This is
an extract from Pink
Floyd: The Early Years by Miles, my
predecessor as editor at Omnibus Press, published by us in 2006. An activist,
author of countless books and writer for numerous musical and counter-culture
publications from the mid-sixties onwards, Miles was instrumental in promoting
the early Pink Floyd so was in an ideal position to write about the group’s fledgling
period when Syd Barrett was regarded as their leading light.
This is Miles’ take on
the group’s first US tour, which includes Syd’s confrontation with Pat
Boone – now there's a nice pair if ever there was one!
On November 1, 1967 the Pink Floyd left
Britain for an eight day mini-tour of America to launch their album.
Roger
Waters: “That was an amazing disaster. Syd by this time was completely off his
head. We did Winterland, San Francisco. We were third on the bill to Big
Brother and the Holding Company and Richie Havens. When Big Brother went on I
couldn’t believe it. I was expecting something way out and it was bluesy
country rock. I was amazed. I expected them to be much more different. It was kind
of chunka, chunka, chunka with Janis Joplin singing the blues. I was expecting
something really extraordinary and mind-blowing and tripping. Compared to some
of the things that English bands were doing at the time it was boring. For
example the Who in a good mood or the Cream.”
The
group found that they had been billed as ‘The Light Kings Of England’ but
Winterland was enormous and the tiny little lighting rig they had with them
couldn’t possibly fill the space so they used the same lighting men as Janis
Joplin.
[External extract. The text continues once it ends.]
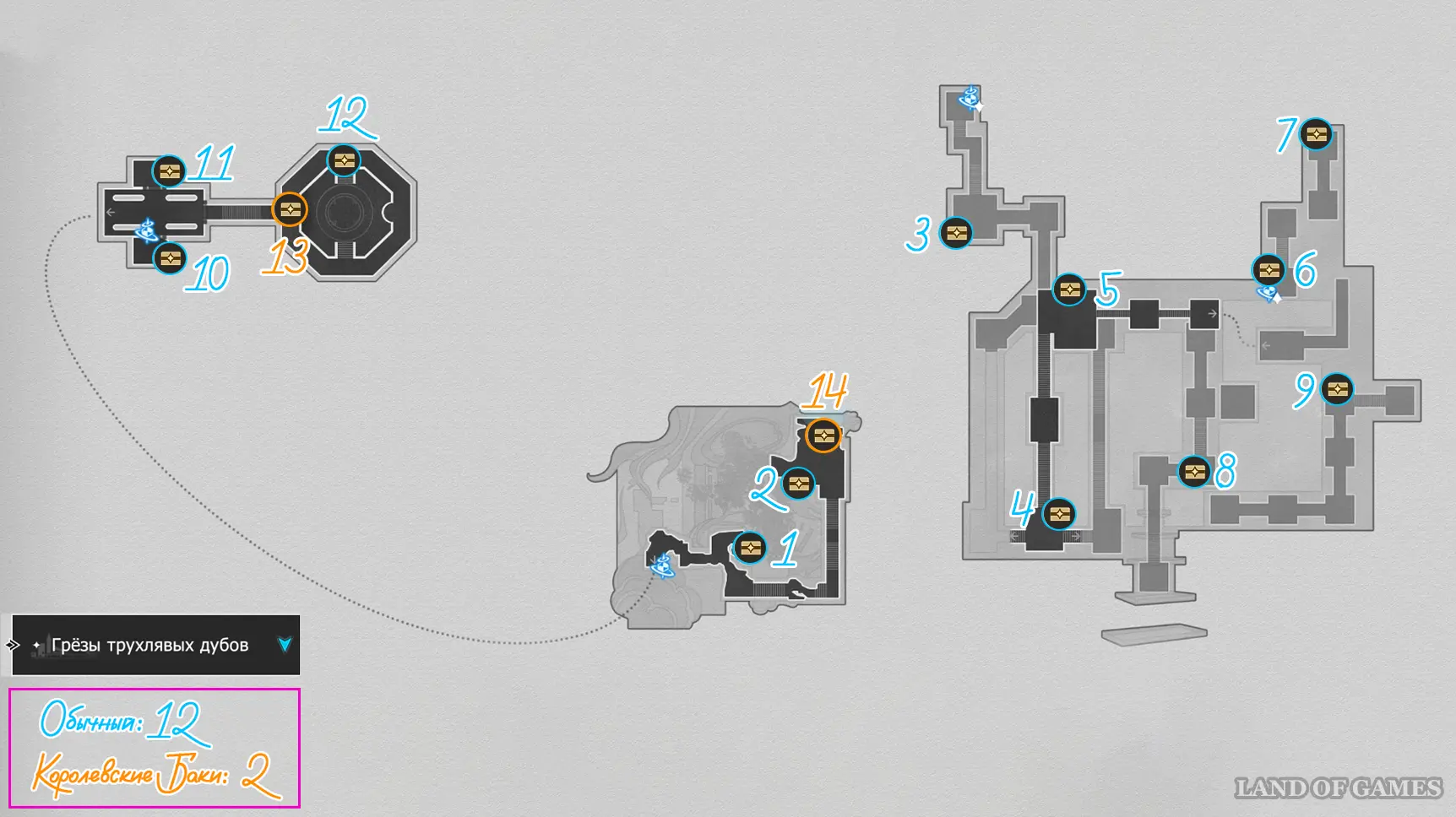 Эта локация состоит из нескольких уровней, в которых можно отыскать 12 обычных сундучков и 2 королевских мусорки. На карте ниже можно будет посмотреть их примерное расположение. Доступ к данной локации у вас откроется в рамках новой квестовой цепочки «Память что увертюра в снах», однако мы советуем вам взяться за ее исследование уже после прохождения всех миссий линейки, чтобы вы смогли посетить все уголки области. В отдельном гайде мы в деталях рассказали, как до них добраться.

Bands did not have their own lights in America; lighting crews were
independent outfits contracted to ballrooms and clubs under their own name; the
Fillmore used Joshua Lights, who were often advertised on the posters as if
they were an added attraction.
Co-manager
Andrew King: “I remember the projectionist saying to me, ‘Hey, there are such
strange animals in your music!’ I was thinking, ‘You’re fucking right, mate!’”
Fortunately Syd managed to play reasonably well
in San Francisco, and initially the band was able to enjoy the easy-going
Californian hippie scene. At that point any band from England was regarded as
visiting aristocracy and the group and their road crew found themselves
surrounded by enormously friendly Californian girls and plied with more pot
than they had ever seen in their lives while non-smokers Nick and Roger were
introduced by Janis Joplin to the sweet-tasting delights of Southern Comfort.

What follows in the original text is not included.